Most recent guidelines suggest that intravenous corticosteroids should be given to patients who have a severe exacerbation, including all those requiring ICU admission or those who may have impaired absorption due to decreased splanchnic perfusion (e.g., patients in shock or congestive heart failure). Nonetheless, if tolerated, oral corticosteroid administration is equally effective as intravenous administration. There appears to be no benefit to prolonged treatment beyond 2 weeks. There is a significant side effect profile, the most common being hyperglycemia occurring in approximately 15%. Studies have shown that nebulized steroid therapy is superior to placebo but not better than parenteral therapy.

Bronchodilators

Inhaled short-acting β-adrenergic agonists are the mainstay of therapy for an acute exacerbation of COPD because of their rapid onset of action and efficacy in producing bronchodilation. Several randomized control trials have consistently demonstrated their efficacy. Parenteral or subcutaneous injection of short-acting β-adrenergic agonists is reserved for situations in which inhaled administration is not possible. Parenteral use of these agents results in greater inotropic and chronotropic effects, which may cause arrhythmias or myocardial ischemia in susceptible individuals and is not generally recommended. These medications may be administered with a nebulizer or a metered dose inhaler with a spacer device; however, despite evidence that neither method has been shown to be superior, physicians tend to favor the nebulized route because of the ease of administration. Patients should revert to appropriate inhaled preparations as soon as possible.

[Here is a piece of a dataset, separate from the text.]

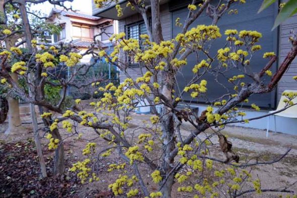 1) 「サンシュユ(山茱萸)」 ミズキ科ミズキ属の落葉小高木。別名:ハルコガネバナ(春黄金花)、アキサンゴ(秋珊瑚)等

Anticholinergic bronchodilators, such as ipratropium, are equally efficacious, and some studies have found that combination therapy with inhaled beta agonists provides better bronchodilation than either alone. The array of inhalers available for use in stable COPD patients is widening, and newer combination inhalers include a long-acting beta agonist with a long-acting anticholinergic, such as indacaterol and glycopyrronium. These dual bronchodilators have been shown to improve symptoms and lung function in COPD patients in which single bronchodilators may be insufficient, but there is no proven efficacy for their use in acute exacerbations.

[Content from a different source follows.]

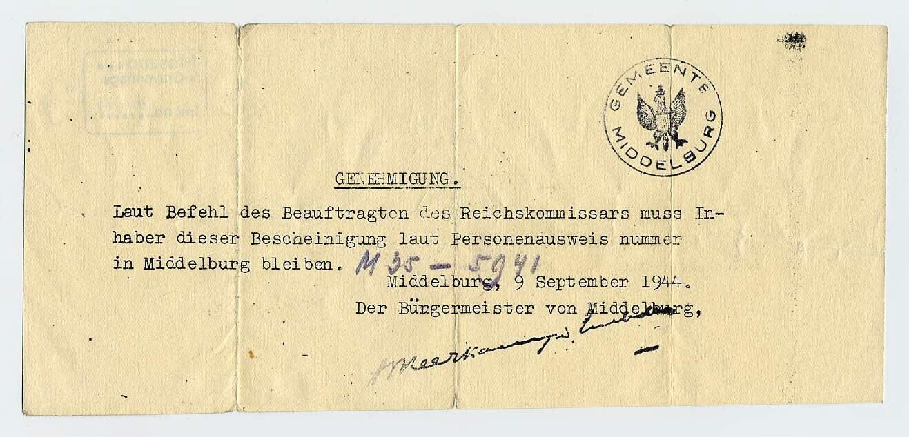 Gestencild, Duitstalig document, waarmee de ontvanger de opdracht krijgt Middelburg niet te verlaten. Met stempel van de Gemeente Middelbug

Methylxanthines have a long history in the treatment of COPD; however, despite widespread clinical use, their role in the acute setting is controversial. Current guidelines based on a meta-analysis of four randomized control trials recommend that theophylline should not be used in the acute setting because efficacy beyond that induced by an inhaled bronchodilator and glucocorticoid therapy has not been demonstrated. In addition to a lack of efficacy, methylxanthines caused significantly more nausea and vomiting than placebo and trended toward more frequent tremors, palpitations, and arrhythmias.

Antibiotics

In patients with severe exacerbations requiring mechanical ventilation, antibiotic therapy is beneficial and has been shown to significantly decrease mortality (4% vs. 22%), the need for additional courses of antibiotics, the duration of mechanical ventilation, and the duration of hospital stay. This does not suggest that bacterial etiology is actually present, and the clinical decision to withhold antibiotics is difficult in hospitalized patients. Early investigations using inflammatory markers, such as procalcitonin, to distinguish bacterial infections from other causes are encouraging.

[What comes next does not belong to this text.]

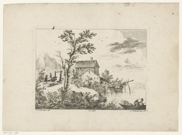 Editor: This is "Village Road with a Farm and Sheds" by Johannes van Doetecum I, created sometime between 1559 and 1561. It's an etching, isn’t it? I find the intricate line work creates such a detailed, yet calming atmosphere. What captures your attention when you look at this print? Curator: Calming is a lovely way to put it! I’m transported to a simpler time, honestly. The scene is so meticulously rendered, isn't it? You can almost feel the quiet rustle of leaves. What I find truly striking is how Doetecum captures the mundane aspects of daily life, elevates them, almost sanctifies them through this careful artistry. The northern renaissance had a love for detail and accuracy but was there a philosophical or cultural push behind it too? Editor: A sanctification of the mundane? That’s a lovely way to put it! I hadn’t considered that. The attention to detail certainly seems driven by something beyond mere representation. So how does that link into broader themes? Curator: Well, think about the era. The Reformation was underway, religious art was being questioned... perhaps artists were turning to the natural world, and the everyday lives of ordinary folk, to find a different kind of truth, or even beauty? To find the divine, so to speak, in the here and now. Notice how he uses the very thin lines to make up the shapes, almost meditative! What's your take? Editor: It's fascinating to think of landscape itself becoming a kind of devotional object. And I can see how this focus on detail might be a reflection of a new way of seeing the world. The detail isn't just detail but information! This changes my initial take completely. Curator: Exactly! It shows how art acts as an echo chamber of a certain worldview. Something that began from one view of reality changed into a message of its own! The most curious form of message! Editor: Right? It gives me goosebumps to know this piece can communicate different context in different periods. Curator: Indeed. So much from so little lines etched on a plate. The quiet voice speaks volumes, still today.

Current guidelines suggest use of antimicrobials with a spectrum of activity to cover β-lactamase–producing organisms. Although choice is somewhat dependent on the local streptococcal resistance patterns, amoxicillin–clavulanic acid, second-generation cephalosporin, or macrolides are all acceptable. Three to seven days of treatment is recommended ( G lobal Initiative for Chronic O bstructive L ung D isease [GOLD]). Wider spectrum antibiotics such as fluoroquinolones or β-lactam with antipseudomonal activity should be used in those at risk of resistant gram-negative infections such as Pseudomonas (e.g., recent hospitalization, previous colonization, previous severe exacerbation, or >4 exacerbations per year).